There must be an extension to Scotland of the historic liberties, largely as set out above, which have never applied in that far more oligarchic country, where middle-class institutions and upper-middle-class power have been defined as the esse of national identity, a situation which has been made even worse by devolution’s weakening of the Labour Movement. While this might have been a factor contributing to the retention of more rigorous minimum qualifications for jurors in Scotland, criteria which should be applied nationwide as surely as should be the Scots Law requirement of corroboration of evidence, nevertheless it means that, while there is an automatic right to trial by jury for serious offences in Scotland, the decision on which way to proceed in an ‘each-way’ case lies with the prosecution rather than with the defence. The police have no power to caution, and they proceed entirely under the direction of the locally unaccountable Procurator Fiscal, who does not prosecute unless it is in the public interest to do so, which it is for the prosecution alone to decide and for which it does not have to give any explanation. It is extremely difficult to bring a private prosecution, far in excess of the necessary restrictions on that practice which rightly exist elsewhere. These profoundly illiberal arrangements must change.

And we need legislation with five simple clauses. First, the restoration of the supremacy of British over EU law, and its use to repatriate agricultural policy and to restore our historic fishing rights (200 miles, or to the median line) in accordance with international law. Secondly, the requirement that, in order to have any effect in the United Kingdom, all EU law pass through both Houses of Parliament as if it had originated in one or other of them. Thirdly, the requirement that British Ministers adopt the show-stopping Empty Chair Policy until such time as the Council of Ministers meets in public and publishes an Official Report akin to Hansard. Fourthly, the disapplication in the United Kingdom of any ruling of the European Court of Justice or of the European Court of Human Rights unless confirmed by a resolution of the House of Commons, the High Court of Parliament.

And fifthly, the disapplication in the United Kingdom of anything passed by the European Parliament but not by the majority of those MEPs certified as politically acceptable by one or more seat-taking members of the House of Commons. Thus, we would no longer subject to the legislative will of Stalinists and Trotskyists, neo-Fascists and neo-Nazis, members of Eastern Europe’s kleptomaniac nomenklatura, neoconservatives such as now run Germany and until lately ran France, people who believe the Provisional Army Council to be the sovereign body throughout Ireland, or Dutch ultra-Calvinists who will not have women candidates. Soon to be joined by Turkey’s Islamists, secular ultranationalists, and violent Kurdish Marxist separatists. Any provision for a referendum on EU membership must be only the sixth clause of what would therefore become this six-clause Bill, the other five clauses of which would come into effect anyway.

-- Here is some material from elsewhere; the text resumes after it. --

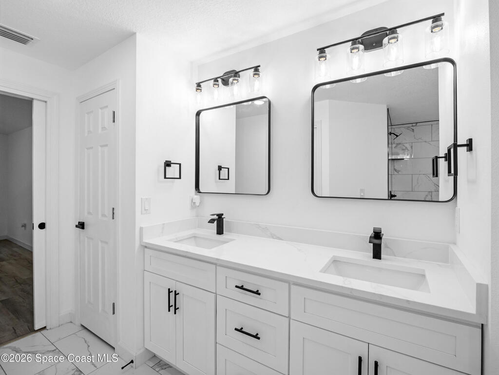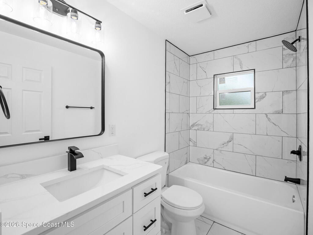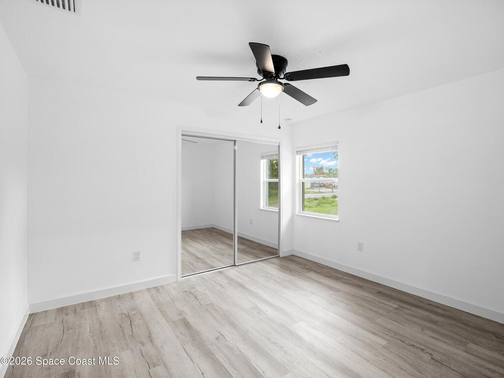 Brand new construction home centrally located in Mims! All hurricane impact windows and sliders! When you walk through the front door you come into an open concept design with a spacious living room, dining room & kitchen with an unique ''L'' shaped island giving extra counter space and cabinet space, quartz countertops and white shaker, soft close cabinets. Corner pantry with plenty of storage. The dining room has a sliding door which brings in great natural light and looks out to the backyard with no neighbors behind you! The primary suite has a generous size bedroom, walk-in closet, linen closet, double vanity and an oversized shower with a sitting bench. Split floor plan with two more bedrooms and a bathroom on the other side of the house with a spacious laundry room, that has a linen closet and leads to the garage. This property is on a quiet dead end street for privacy and peace.

That would be a start, anyway.

Over to the Lib Dems? Hardly! They had been all ready to vote for yet further secret courts, as proposed by Ken Clarke, supposedly the last big beast of liberal Toryism, but in fact a man who was never out of the Thatcher Cabinet, being given responsibility for her flagship health and education policies by the Prime Minister who also signed the Single European Act.

Over to the Daily Mail, then? Up to a point. But you cannot vote for a newspaper.

Rather, Ed Miliband and Jon Cruddas, over to you. As much as anything else, what would the Daily Mail then say? If not “Vote Labour”, then why not? All that Blair managed was The Sun, always a floating voter. Bagging the Daily Mail would put Miliband in a different league altogether. Like winning 60 per cent of the vote in Southern villages that Labour had not contested since the 1970s or earlier, in fact. Or winning Chipping Norton.